**Task to complete**
What you write must match, character for character, the lines from the one with "不(bu)銹鋼在建(jian" down to the one with "ブラウンにブルーのTATTOデザインが可愛いセットアップです🤎🩵" in the listing below, minus its pictures.
(The data)
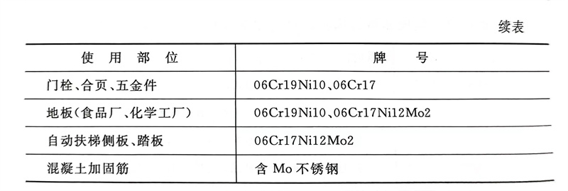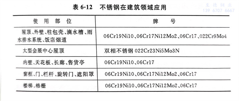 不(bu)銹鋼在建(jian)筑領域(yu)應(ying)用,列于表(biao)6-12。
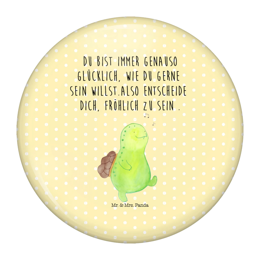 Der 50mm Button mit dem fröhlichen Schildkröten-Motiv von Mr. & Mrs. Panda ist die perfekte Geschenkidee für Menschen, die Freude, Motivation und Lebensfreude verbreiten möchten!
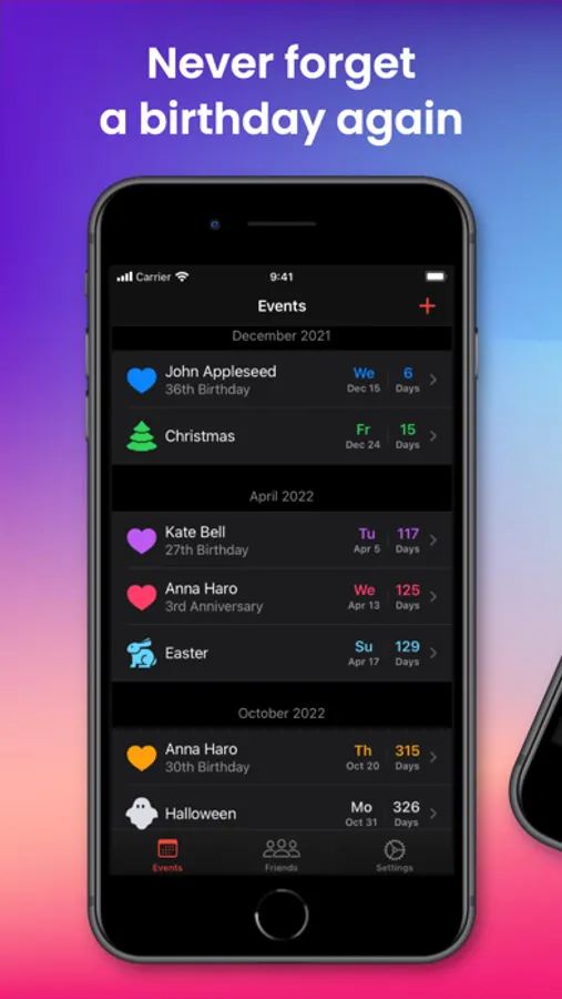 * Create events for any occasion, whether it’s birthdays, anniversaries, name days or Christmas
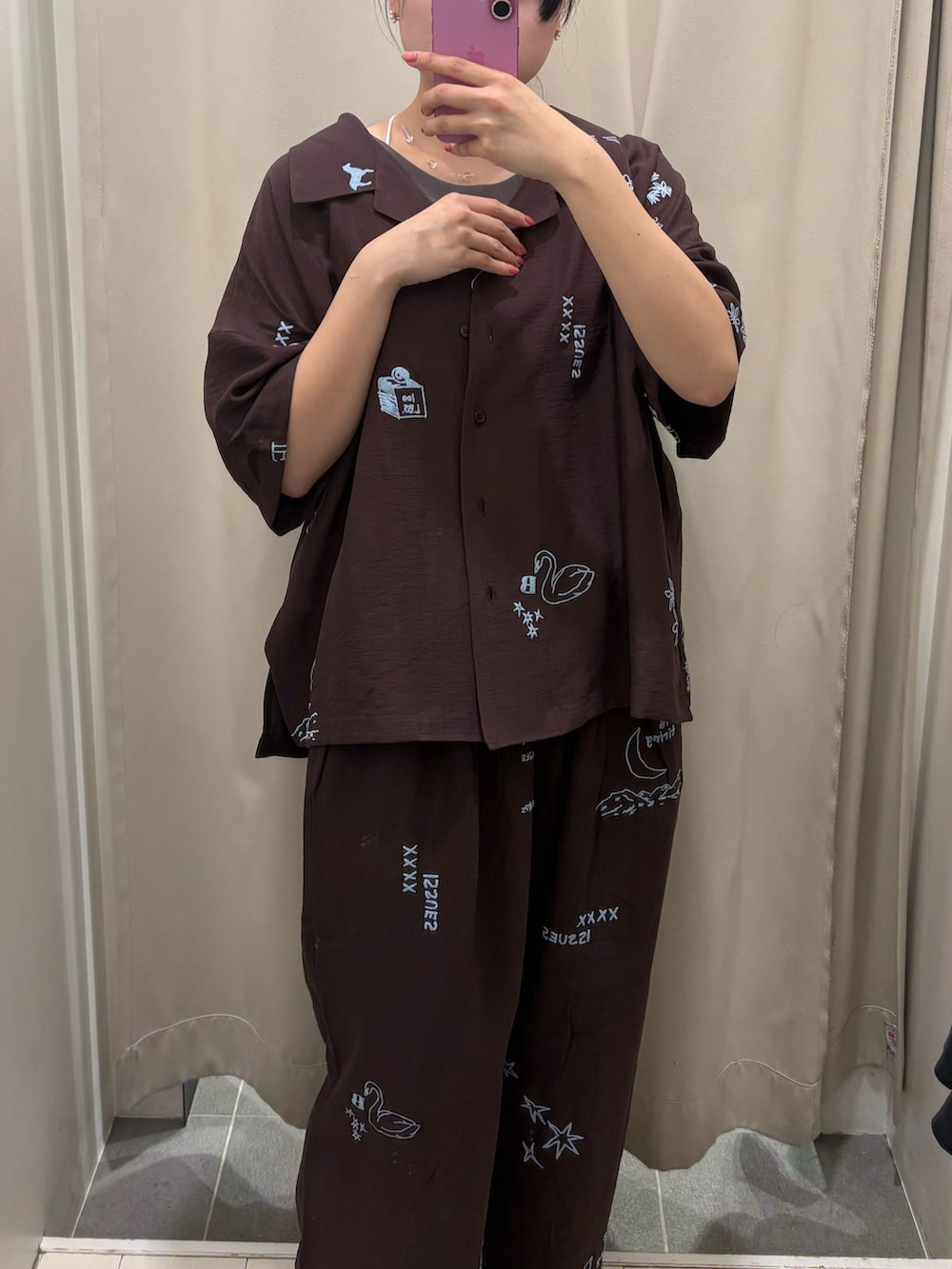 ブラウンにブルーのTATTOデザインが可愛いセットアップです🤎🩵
(End The data)
(The data)
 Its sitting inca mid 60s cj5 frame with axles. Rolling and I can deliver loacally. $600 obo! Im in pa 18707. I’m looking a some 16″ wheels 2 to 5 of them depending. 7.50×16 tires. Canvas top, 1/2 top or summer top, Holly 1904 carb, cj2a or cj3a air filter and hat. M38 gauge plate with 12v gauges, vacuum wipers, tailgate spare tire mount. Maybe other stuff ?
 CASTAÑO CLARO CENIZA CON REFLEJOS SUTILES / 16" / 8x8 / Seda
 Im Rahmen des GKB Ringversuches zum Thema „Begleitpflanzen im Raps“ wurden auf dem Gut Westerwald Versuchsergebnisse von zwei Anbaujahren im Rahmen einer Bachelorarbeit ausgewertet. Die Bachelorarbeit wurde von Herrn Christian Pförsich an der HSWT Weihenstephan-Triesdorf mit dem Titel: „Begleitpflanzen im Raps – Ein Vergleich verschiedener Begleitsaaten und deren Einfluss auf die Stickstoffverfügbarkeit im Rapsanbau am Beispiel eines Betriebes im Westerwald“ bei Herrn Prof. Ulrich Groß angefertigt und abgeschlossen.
(End The data)
(The data)
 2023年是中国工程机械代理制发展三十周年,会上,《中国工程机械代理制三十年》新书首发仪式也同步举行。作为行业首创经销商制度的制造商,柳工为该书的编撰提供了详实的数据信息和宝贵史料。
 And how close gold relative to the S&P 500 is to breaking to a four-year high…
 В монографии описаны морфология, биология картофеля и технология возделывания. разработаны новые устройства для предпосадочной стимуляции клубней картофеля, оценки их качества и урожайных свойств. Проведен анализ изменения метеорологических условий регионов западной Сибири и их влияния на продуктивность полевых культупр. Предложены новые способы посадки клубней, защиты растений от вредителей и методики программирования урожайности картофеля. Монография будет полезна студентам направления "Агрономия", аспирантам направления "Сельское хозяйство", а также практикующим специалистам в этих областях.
(End The data)
**Solution to the problem**
 不(bu)銹鋼在建(jian)筑領域(yu)應(ying)用,列于表(biao)6-12。
 Der 50mm Button mit dem fröhlichen Schildkröten-Motiv von Mr. & Mrs. Panda ist die perfekte Geschenkidee für Menschen, die Freude, Motivation und Lebensfreude verbreiten möchten!
 * Create events for any occasion, whether it’s birthdays, anniversaries, name days or Christmas
 ブラウンにブルーのTATTOデザインが可愛いセットアップです🤎🩵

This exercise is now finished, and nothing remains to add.